There are no restrictions to the programming language nor the tool(s) you choose to use when building your predictive model. However, we do require you to submit a short write-up, with your ‘submissions.csv’ file, detailing the methods and resources you use when building your model.
Some hospital bill items (with the same hospital bill ID) have the exact same costs, are they duplicate rows or amounts made in equal installments?
The hospital bills amounts that are duplicated are in equal installments. They are not errors.
Different hospital bill items (with the same hospital bill ID) have different prices, and there are no other variables to differentiate them. In the final submission dataset, is it possible predict the costs of each aggregated bill instead of predicting the costs of each component of each bill?
The data set and the submission template will not be aggregated for prediction. The purpose of the challenge is to predict the medical bills at different time points.
Diagnosis text is truncated. Can Prudential resend the exported data without truncation?
Unfortunately, the data is truncated at source. However, we will be adding ICD9 and ICD10 codes (International Statistical Classification of Diseases and Related Health Problems) to the data set to assist in the identification in the event the diagnosis is being truncated.

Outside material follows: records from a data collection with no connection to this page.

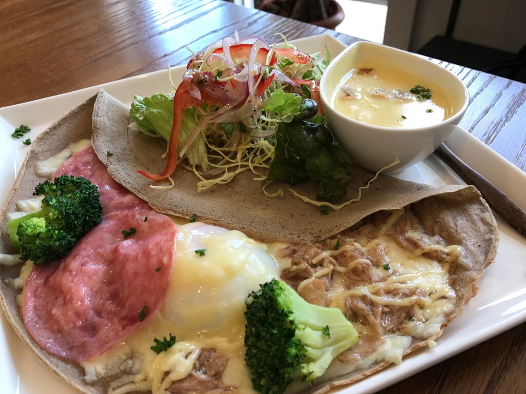 ハムとツナマヨのガレット、サラダ、スープのランチプレート
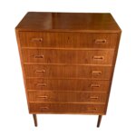 6 skuffers kommode i teak, med mindre skavanker, så som et afslag på et skuffe håndtag og finer afskalninger under skuffe. Ingen store skader. Den måler 71,5 cm b x 39,5 cm d og er 106,5 cm h. 1450kr
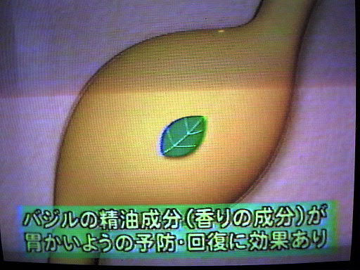 2000年4月30日 テレビ朝日の得するテレビです 例によってオープニング 今回はバジルのお話しです 日本テレワークという制作会社のスタジオですが、後ろの画面にバジルを写すために、デジタルビデオで撮影したものをケーブルで繋いで映像として出しています。結構細かいところに気が配られています。 今回はわずか5秒の出演でした
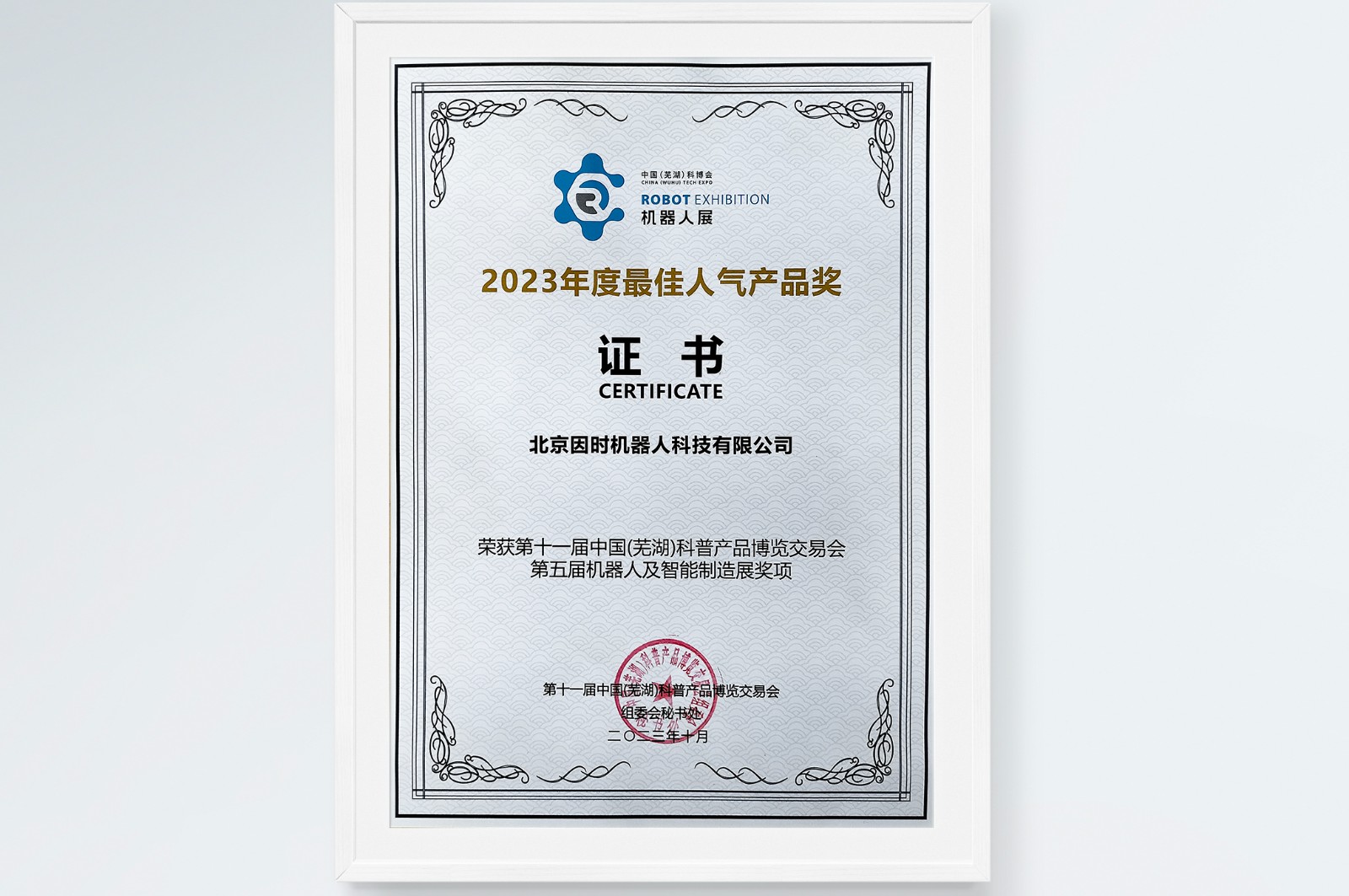 在本次演講中,從機器人需要什么樣的零部件?微型伺服電缸是什么?以及微型伺服電缸是如何促進機器人行業落地等方面進行了詳細介紹。在今年三月初特斯拉投資者日上,馬斯克說市面上找不到一款足夠小的、可用于人形機器人的actuator,他提到的actuator是指將傳統的機器人零部件集成到一起的一體化運動單元。人形機器人能否落地的兩個關鍵因素就是成本和能否量產,而核心零部件對這兩點的影響可謂是舉足輕重。從零部件的功耗、成本及空間比等因素考慮,一體化、小型化的機器人核心零部件已是大勢所趨,而微型伺服電缸就是這樣一款產品。為了推動機器人產業健康持續發展,本次科博會組織評選并頒發了機器人及智能制造展相關獎項,因時機器人憑借精巧的產品和過硬技術榮獲“最佳人氣產品獎”!
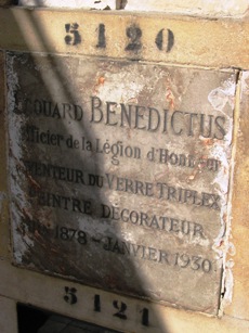 – Edouard BENEDICTUS (1878-1930) : peintre, écrivain, mélomane, homme de science et inventeur. Grand connaisseur des techniques des arts appliqués, il leur apporta des innovations (notamment dans les domaines du cuir, de l’ameublement, de la fresque…). Comme le précise sa plaque funéraire, il fut l’inventeur du verre feuilleté, appelé triplex, utilisé en particulier pour les parebrises automobiles. Case 5120.
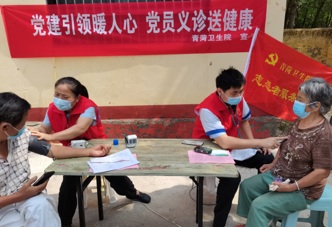 近年来,青菏卫生院党员志愿者走进社区、走进农户开展医疗志愿服务活动已经形成常态。由党员干部为主的医护人员组成医疗志愿者服务队,有计划的开展免费体检、健康知识普及,通过开展义诊活动,既拉近了党员与群众的距离,又进一步强化了党员身份的认知,自觉践行全心全意为人民服务的宗旨。
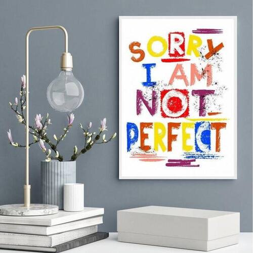 Quadro sorry i am not perfect 45x34cm - com vidro Moldura: madeira preta Informações do produto tire todas as suas dúvidas no descritivo abaixo: decoração para quarto, sala, cozinha, escritório, área gourmet e muito mais. Chega de paredes vazias medidas - cada peça tem 45x34cm a3 . Material do papel - papel fotográfico brilhante de altíssima resolução acabamento - todos os quadros são acompanhados de vidro para proteção da imagem. - moldura em madeira maciça na cor preta ou branca conforme produto escolhido e pendurador . - os quadros são embalados de forma segura com plástico bolha com camada dupla de acordo com o tamanho dos quadros. Garantia - garantia de 3 meses. Meu quadro chegou. Como posso fixá-lo Você precisa apenas de um martelo e um prego, pois os quadros já vão acompanhados de penduradores. Esta é a forma mais indicada. Como posso limpar meu quadro A limpeza é feita como um móvel comum da sua casa. Apenas um pano seco ou espanador são suficientes para tal Ean: 7898831575773
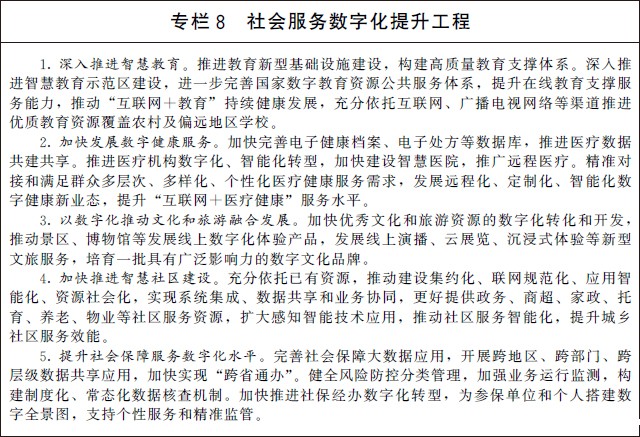 ——数字化公共服务更加普惠均等。数字基础设施广泛融入生产生活,对政务服务、公共服务、民生保障、社会治理的支撑作用进一步凸显。数字营商环境更加优化,电子政务服务水平进一步提升,网络化、数字化、智慧化的利企便民服务体系不断完善,数字鸿沟加速弥合。

How do I differentiate between ICD9 and ICD10 codes?
ICD9 codes were used before August 2012 and ICD10 codes were used after August 2012. However the data is subjected to inconsistencies and one way to tell is if they diagnosis description is in capital letters, it will be ICD9 code.
Sometimes the date of event is actually after the date of discharge, what does the 'date of event' mean?
Date of event refers to the day the medical condition occurred. Should the date of event be after the date of discharge, the entry can be ignored. At this point in writing, there are just 13 occurrences observed.